El escultor trabajó para conjurar poderes cósmicos o magnificar el poder de los poderosos, pero sobre todo para vencer, si no la muerte, el olvido. Sorprende ver cómo el tema más universal, la muerte, ha originado tanta diversidad de formas y temas escultóricos: desde las pirámides a las urnas, de la lápida urbana a los moai de la isla de Pascua. También el tratamiento es dispar y va desde la exaltación del placer a lo macabro.

En el mundo antiguo, el cadáver, no necesariamente presente como entre los romanos, se encuentra envuelto en formas escultóricas; rodeado de objetos escultóricos y enmarcado en recintos –dólmenes, navetas, mastabas, hipogeos, pirámides...– en los que la escultura inventa la arquitectura.

Aunque la incineración ha generado poca escultura en piedra, no podemos olvidar las compactas y sobrias tallas encontradas en las necrópolis íberas y que el alma de alguna de ellas, como la matriarcal Dama de Elche (Museo Arqueológico de Madrid, España), son cenizas humanas.

En la Europa neolítica, los nuevos agricultores ponen hitos en el lugar donde siembran cadáveres deseando que, como la semilla, renazcan. Mientras, en Egipto, tomando como modelo el escarabajo, se investiga sobre la metamorfosis humana y ese empeño, que impregna todo su arte, origina tanto las delicadas vasijas de alabastro para guardar las vísceras de los difuntos, como los sepulcros antropomórficos de basalto, copiados en mármol por los fenicios y en la roca viva por los cristianos de la Alta Edad Media.

Los relieves de las estelas griegas nos hablan más del bello recuerdo de lo efímero de la vida que de una existencia incierta en el reino de las sombras.

En la Roma de Trajano se populariza la inhumación. Esto propicia el desarrollo de sarcófagos decorados con relieves que, para realzar cabellos y pupilas, abusan del trépano. En estos relieves se alternan episodios mitológicos con escenas de la vida cotidiana y se exaltan los valores estoicos. Fieles a esta tradición, los primeros cristianos plasman la heroicidad del martirio e incorporan símbolos propios o apropiados, como puertas entreabiertas, o imágenes del Buen Pastor.
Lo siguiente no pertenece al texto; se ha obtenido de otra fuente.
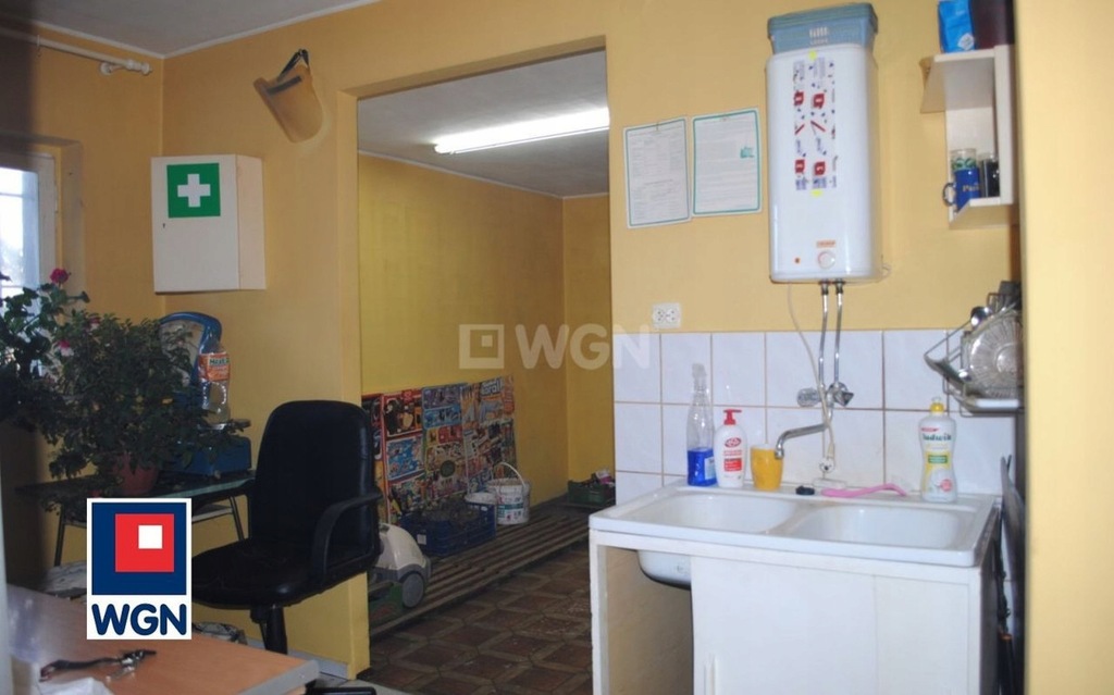 Dom zlokalizowany jest w Centrum miejscowości w sąsiedztwie szkoły podstawowej, przedszkola, licznych punktów handlowych oraz ośrodka zdrowia. Dom znajduje się na blisko 3arowej ogrodzonej działce z miejscem np. pod placem zabaw, altanę z miejscem na grilla lub ognisko. Nieruchomość składa się z ponad 50m2 sali na której dotychczas znajdował się sklep spożywczy, zaplecza socjalnego, magazynu oraz WC. W czasie działania punktu handlowego ogrzewany on był klimatyzatorami, które aktualnie zostały zdemontowane.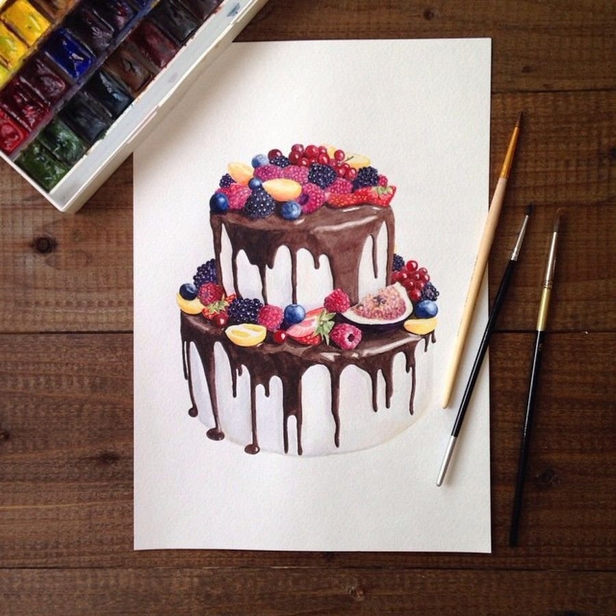 Торт рисунок гуашью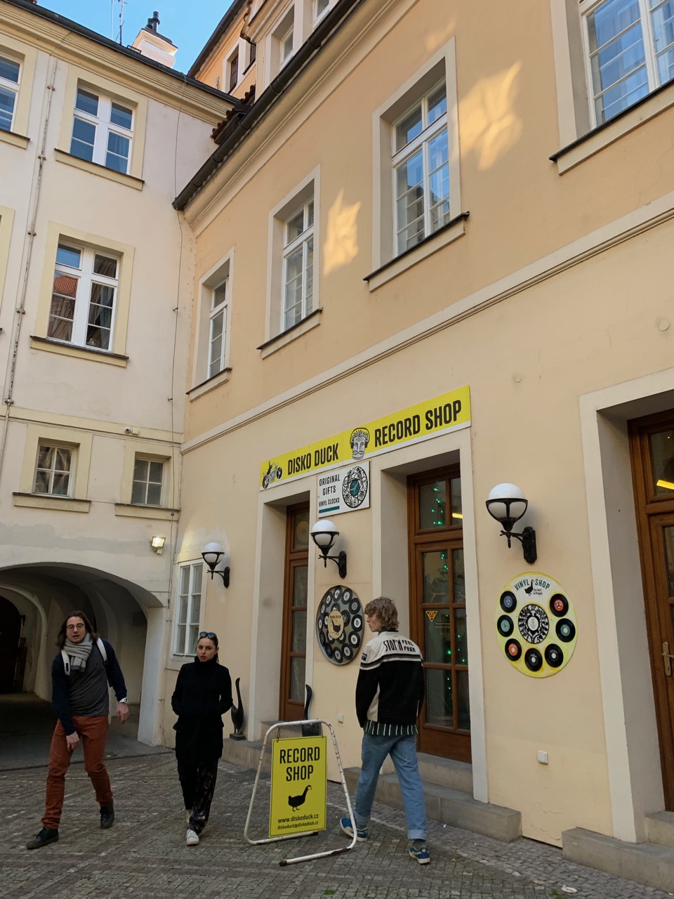 As the afternoon wore on we walked back thru Old Town Square and then beyond towards the Charles Bridge. Along the way we stumbled upon a record store tucked away in an inner courtyard – Disko Duck.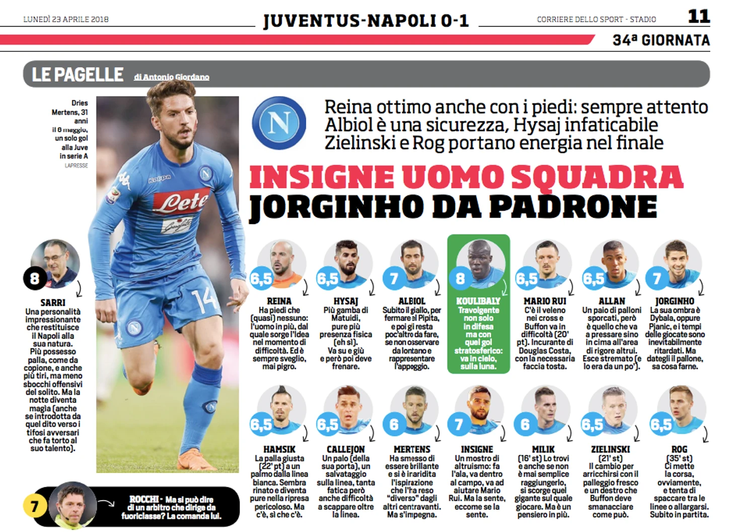 Сарри сотворил тактический шедевр. Наполи был идеален и не позволил Юве создать ничего у своих ворот. Достаточно взглянуть на статистику: Юве ни разу не пробил в створ, попал в штангу со штрафного благодаря рикошету и сделал на 220 пасов меньше, чем Наполи, который организовал три голевых момента и спокойно выждал свой шанс».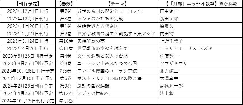 株式会社集英社創業95 周年(2021 年)の記念企画として、広大なアジア領域の歴史を人物に光を当てて完全網羅する本シリーズは、170名を超す研究者たちが、総勢10,000名にいたる登場人物たちの軌跡を追い、広大なアジア全領域が一望できる、唯一無二の構成。全集のカバーを飾るのは、『ジョジョの奇妙な冒険』シリーズを手掛ける漫画家・荒木飛呂彦氏による描き下ろし装画。現代のアジア史研究の第一人者である編集委員 10 名と、東洋史研究の伝統を継承した著者たちが、古代から 21 世紀までを展望し、歴史を動かした主人公の圧倒的個性を掘り起こす全 12 巻(+索引巻)です。
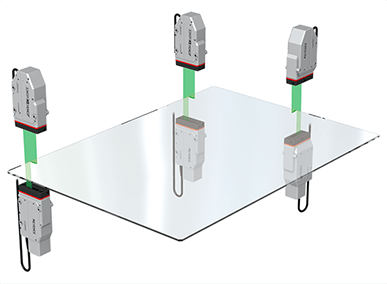 Dadurch kann eine präzise, gleichzeitige Messung des Abstandes von der Schlitzdüse zur Oberfläche des Glassubstrats und der Dicke des Substrats vorgenommen werden. Eine hochpräzise Beschichtung aufrecht zu erhalten ist auch möglich, indem die Messergebnisse zur Höhenkontrolle an die Geräte gesendet werden.
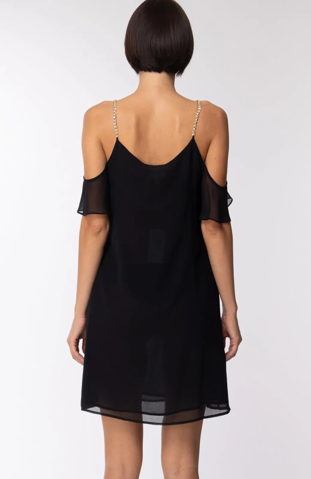 Michael Kors Abito Da Sera Corto con Bretelle StrassNERO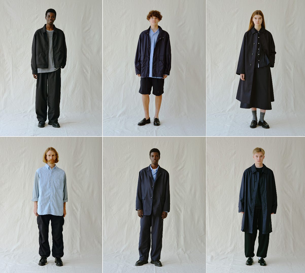 What excites me about the first is the way we were able to reinterpret workwear through rich, tactile materials like vegan leather and silk nep. In the second, we expressed workwear in a more refined direction, using a subtly lustrous fabric that gives it a slightly formal feel.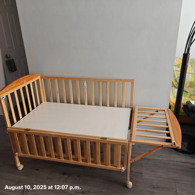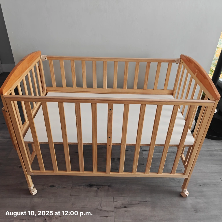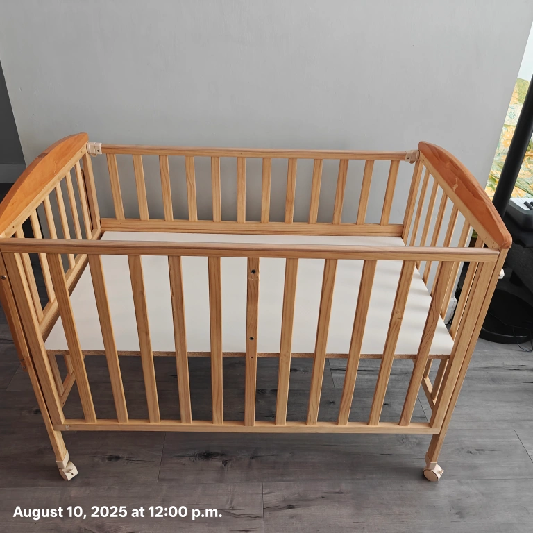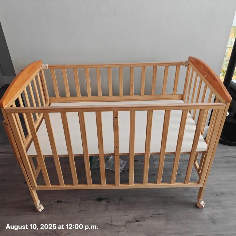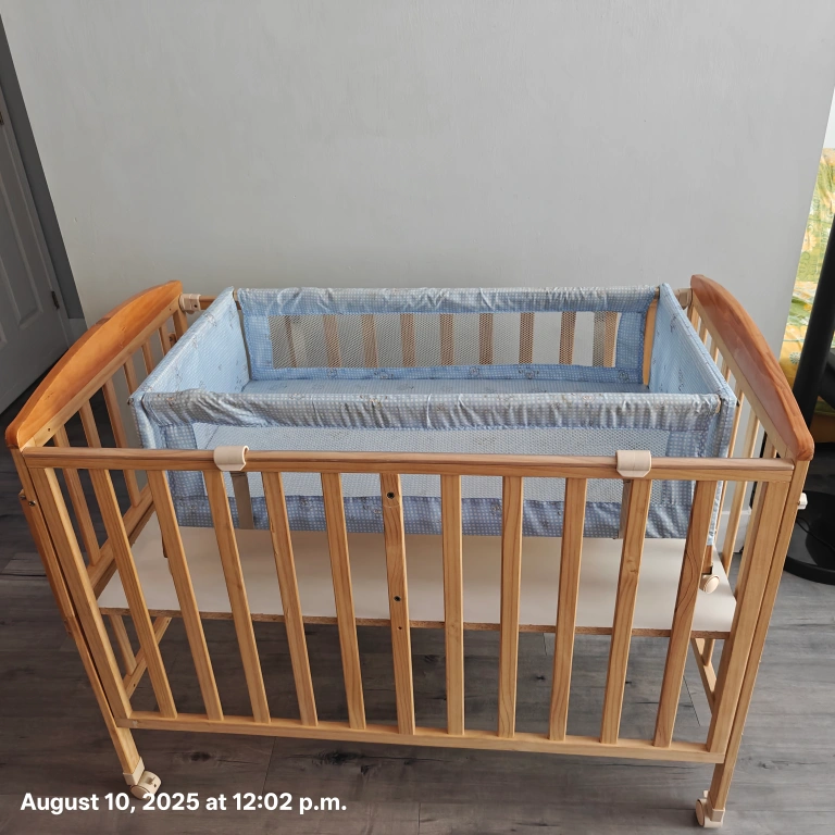 20Selling a gently used wooden baby crib. It's in great condition and ready for a new home. It also comes with a blue movable basinet. Basinet can be taken out and can be used outside the baby crib to keep little baby near sitting area. Blue movable basinet has wheels. Baby crib comes with organic cotton mattress with a fitted sheet. This baby crib doesn't have bottom base but I have extra wood piece that I used. I am ready to give out that or you can use your own wood for the bottom base.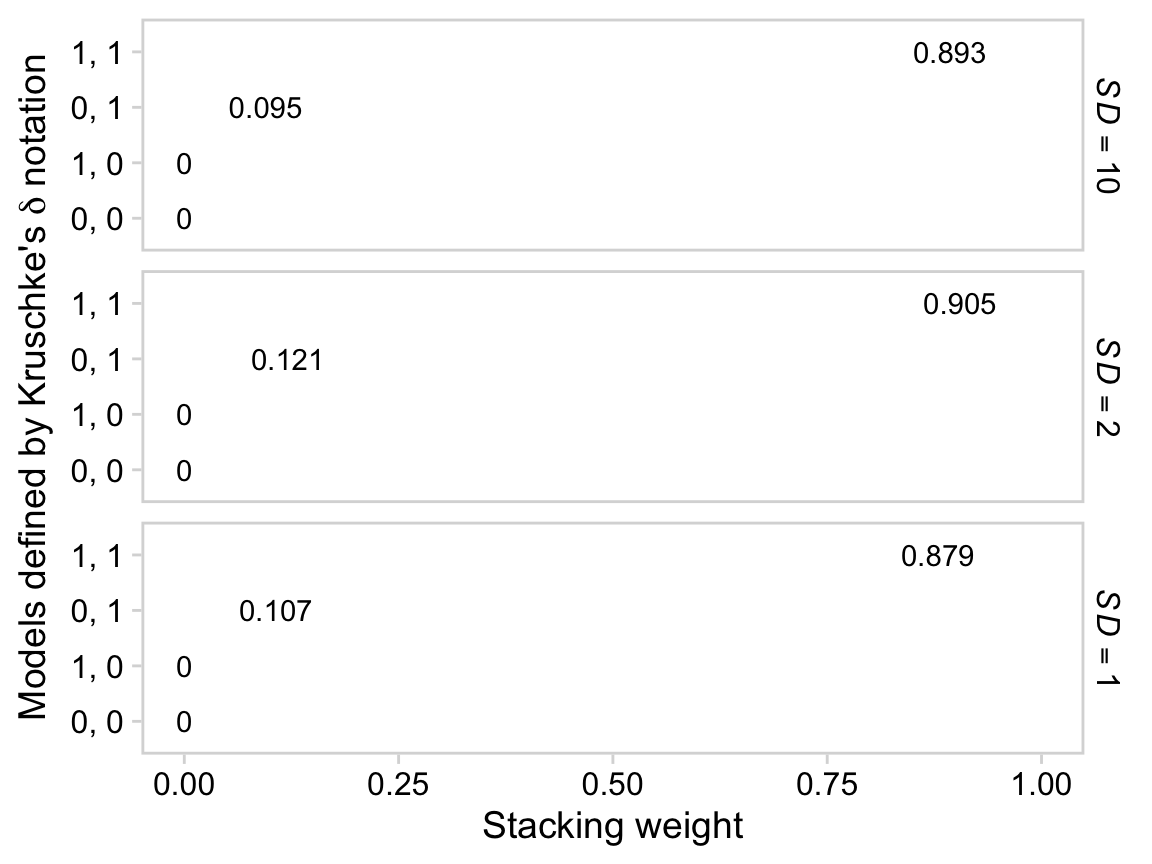 In his Corrigenda, Kruschke further clarified: “that is true only in case there is a single predictor, not for multiple predictors. The statement could have said that ‘R^2 is algebraically constrained to fall between −1 and +1 in least-squares regression’. More relevantly, replace the statement with the following: ‘In multiple linear regression, standardized regression coefficients tend to fall between -2 and +2 unless the predictors are very strongly correlated and have strongly opposing effects. If your data have strongly correlated predictors, consider widening the prior.’”↩︎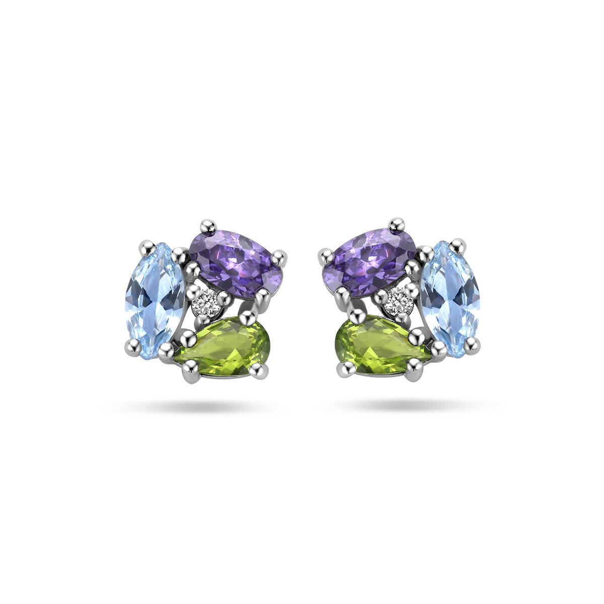 Gerhodineerd 925 zilveren oorknoppen uitgevoerd met vier stenen: zirkonia, zirkonia amethist, synthetisch blauw spinel en synthetisch peridot. De oorknoppen hebben een afmeting van 8x8mm.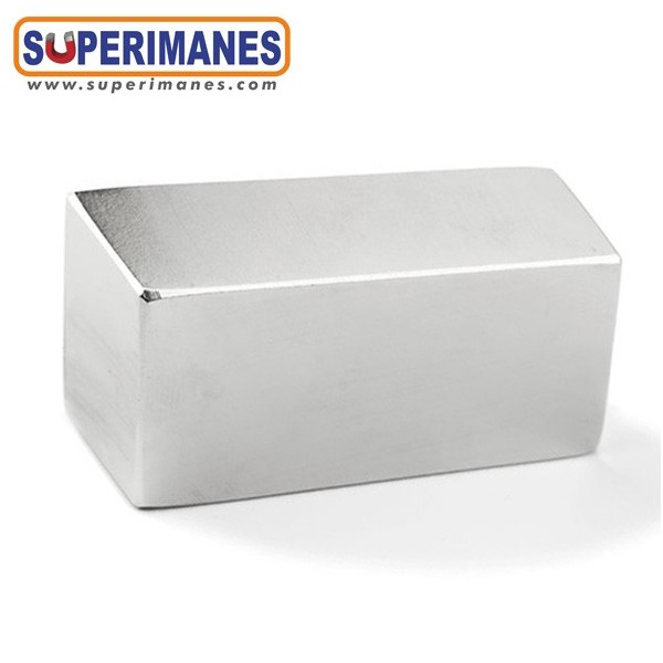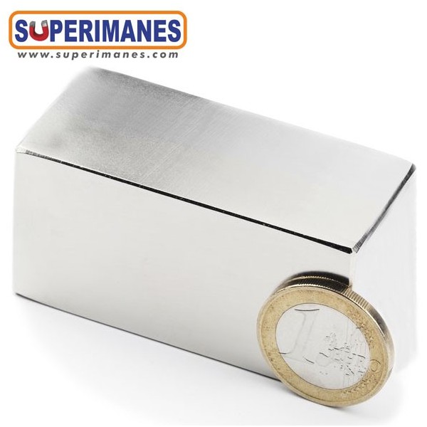 Este imán permanente de neodimio rectangular magnético tiene un largo de 60 mm y ancho de 30 mm y altura 20 mm. Tienen fuerza de sujeción de 135 kilogramos aproximadamente. Imán bloque pequeño. Magnetizado en N50 axial. Con revestimiento de níquel. Temperatura máxima de servicio de 80º C. La pieza tiene un peso de 220 gramos.

Durante el medievo europeo, la nobleza y el clero prefieren perpetuar el momento del tránsito hacia la otra vida con una imagen serena y plácida, y se hacen esculpir, yacientes, sobre su sepulcro; eso sí, aferrados a sus espadas o báculos, objetos de poder en vida, y acompañados por animales que proclaman las virtudes propias de su sexo y condición: fieros leones ellos y canes fieles ellas. La impactante, pese a su mediocre tamaño, tumba de Philippe Pot parece enterrar esta época; sin embargo, la esquelética efigie de Catalina de Médicis anticipa el Barroco. (Ambas en el Louvre.)

Con el Doncel de Sigüenza, la escultura yaciente se incorpora reflexiva, al estilo etrusco, y da paso a los nuevos valores renacentistas que culminan, con la gradina de Miguel Ángel, en la capilla medicea de Florencia. Allí la escultura cobra tanta vida que nos hace olvidar, por un lado, a los muertos que la motivaron persiguiendo la fama, y por otro, ese lugar para trofeos familiares en que se convierte la capilla funeraria renacentista.